Cefepime, a fourth-generation cephalosporin antibiotic, was approved for use in 1996. It is widely used to treat severe bacterial infections because it acts against both gram-negative and gram-positive bacterial strains, and has antipseudomonal activity. Safety data of cefepime in clinical trials were relatively favorable when initially approved. Approximately 3% of 2,032 patients treated with cefepime experienced adverse central nervous system (CNS) effects including headache (2.4%), dizziness (0.7%), and insomnia (0.6%) [1]. Eleven (0.2%) patients developed seizures but only three (0.1%) of these cases were considered to have a probable or unknown relationship to cefepime therapy [1].

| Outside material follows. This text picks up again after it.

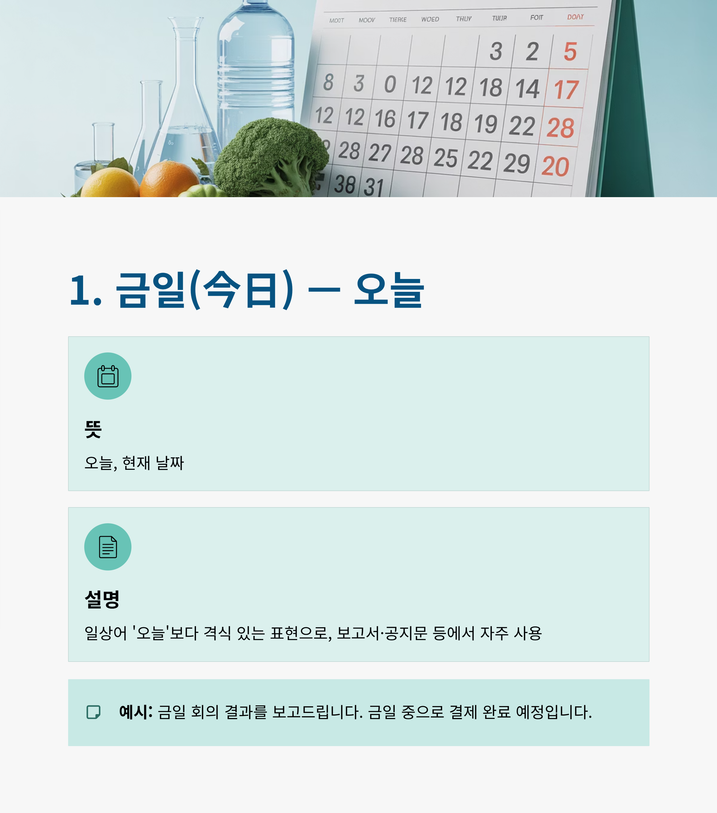- 설명: 일상어 ‘오늘’보다 격식 있는 표현으로, 보고서·공지문 등에서 자주 사용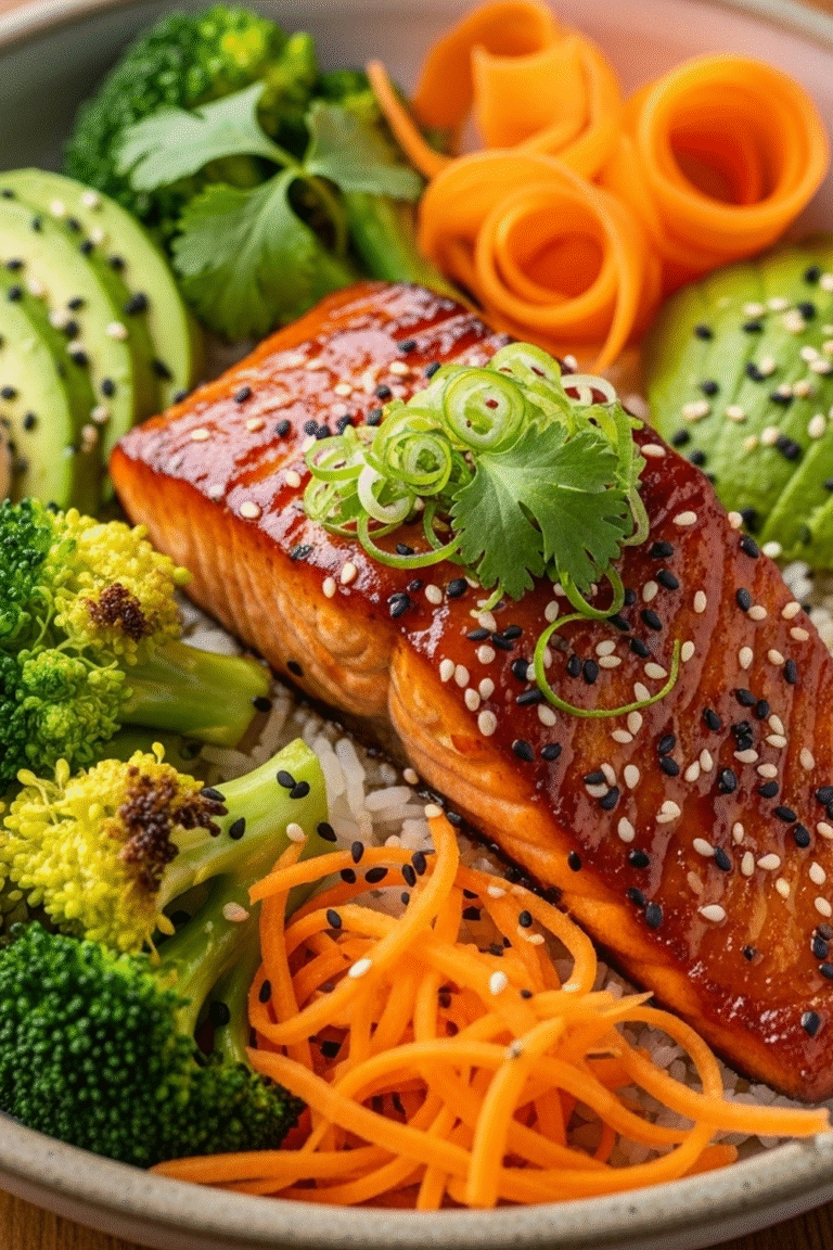 Diese SrirachaHonigLachsBowls sind mehr als nur ein Rezept – sie sind ein kulinarisches Erlebnis, das Sie sich nicht entgehen lassen sollten! Die Kombination aus herzhaftem Lachs, süßem Honig und scharfer Sriracha ist einfach unwiderstehlich. Hinzu kommt die einfache Zubereitung, die dieses Gericht ideal für den hektischen Alltag macht. Sie sind reich an Omega3Fettsäuren, Proteinen und wichtigen Vitaminen, was sie zu einer gesunden und ausgewogenen Mahlzeit macht. Worauf warten Sie noch? Verwöhnen Sie Ihren Gaumen noch heute mit diesen sensationellen SrirachaHonigLachsBowls!

Cefepime-induced neurotoxicity (CIN) was first reported in a patient with end-stage renal disease (ESRD) on hemodialysis in 1999 [2]. He developed altered mental status, myoclonus, and a generalized tonic-clonic seizure with elevated serum cefepime concentration. He recovered after urgent hemodialysis but electroencephalography (EEG) was not performed. Thereafter many cases of CIN with triphasic wave (TW) or nonconvulsive status epilepticus (NCSE) have been reported. CIN is composed of toxic encephalopathy and TW or NCSE in EEG. There is debate about EEG findings regarding whether it is true NCSE or TW.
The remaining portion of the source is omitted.